The invention also provides a visual feature processing method based on the neural network in the weak texture environment, wherein the method is based on the processing system, and the processing method comprises the following steps:
step S1: acquiring an original image;
step S2: inputting the raw image into the processing system;
step S3: the processing system performs feature detection and description on an original image to obtain an angular point and a corresponding descriptor of the original image;
step S4: based on the angular points and the descriptors of the original image, image splicing, visual positioning and scene recognition can be completed in a weak texture environment.
The above embodiments only describe the design principle of the present invention, and the shapes and names of the components in the description may be different without limitation.
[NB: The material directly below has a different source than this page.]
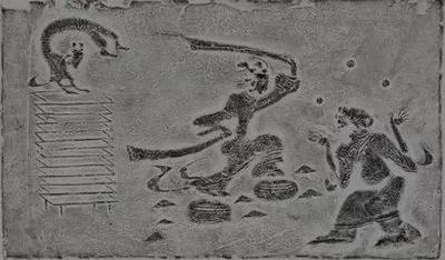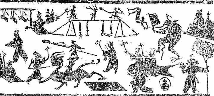 中國雜技發(fā)展到漢代,內(nèi)容更充實(shí),品種更豐富,技藝更高超。到東漢時(shí),則形成了一種以雜技藝術(shù)為中心,匯集各種表演藝術(shù)于一堂的新品種——“百戲”體系。例如:1954年在山東省沂南縣的北寨村,發(fā)掘了一座漢代古墓,在一幅巨型的畫壁上雕刻著當(dāng)時(shí)的樂舞百戲,非?,F(xiàn)實(shí)生動。這幅圖從左到右分為四部分:“跳丸跳劍和戴竿”表演、樂隊(duì)表演、”走索拿頂和魚戲“表演、“馬戲和鼓車”表演,規(guī)模盛大。
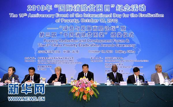 10月17日是“国际消除贫困日”,减贫与发展高层论坛在北京举行。中共中央政治局委员、国务院副总理回良玉在开幕式上致辞,并为“中国消除贫困奖”获奖者颁奖。新华社记者 黄敬文 摄

Therefore, a person skilled in the art of the present invention can modify or substitute the technical solutions described in the foregoing embodiments; such modifications and substitutions do not depart from the spirit and scope of the present invention.
Claims (7)
1. A neural network-based visual feature processing system in a weak texture environment, the processing system comprising:
the device comprises a trunk network, a detector branch and a descriptor branch, wherein the detector branch and the descriptor branch are symmetrical subbranches of a twin network;
the main network is used for receiving an input original image, performing convolution processing on the original image and outputting a deep characteristic map of the original image; the backbone network comprises a plurality of cascaded convolution layers, wherein a shallow feature map obtained after shallow convolution of the backbone network is simultaneously input into the first space module and the second space module; the first space module and the second space module are respectively used for space invariance reduction;
the detector branch comprises a plurality of concatenated convolutional layers, the output of the first spatial module is fused with the output of the first convolutional layer in the detector branch, the detector branch outputs a corner probability map, and the corner probability map is used for representing the probability that each point in the original image is a corner;
the descriptor branch comprises a plurality of concatenated convolutional layers, the output of the second spatial module is fused with the output of the first convolutional layer in the descriptor branch, and the descriptor branch outputs a descriptor graph which is used for representing the descriptor form of each point in the original image.
2. The system of claim 1, wherein the detector branch is configured to receive a deep feature map of the original image output from the backbone network, the detector branch comprising a plurality of concatenated convolutional layers, wherein an output of the first spatial module is fused with an output of a first convolutional layer in the detector branch, the detector branch outputting a corner probability map, the corner probability map being configured to characterize a probability that each point in the original image is a corner;
the descriptor branch is used for receiving a deep feature map of the original image output by the main network, the descriptor branch comprises a plurality of cascaded convolutional layers, wherein the output of the second spatial module is fused with the output of a first convolutional layer in the descriptor branch, and the descriptor branch outputs a descriptor graph which is used for representing descriptor morphology of each point in the original image.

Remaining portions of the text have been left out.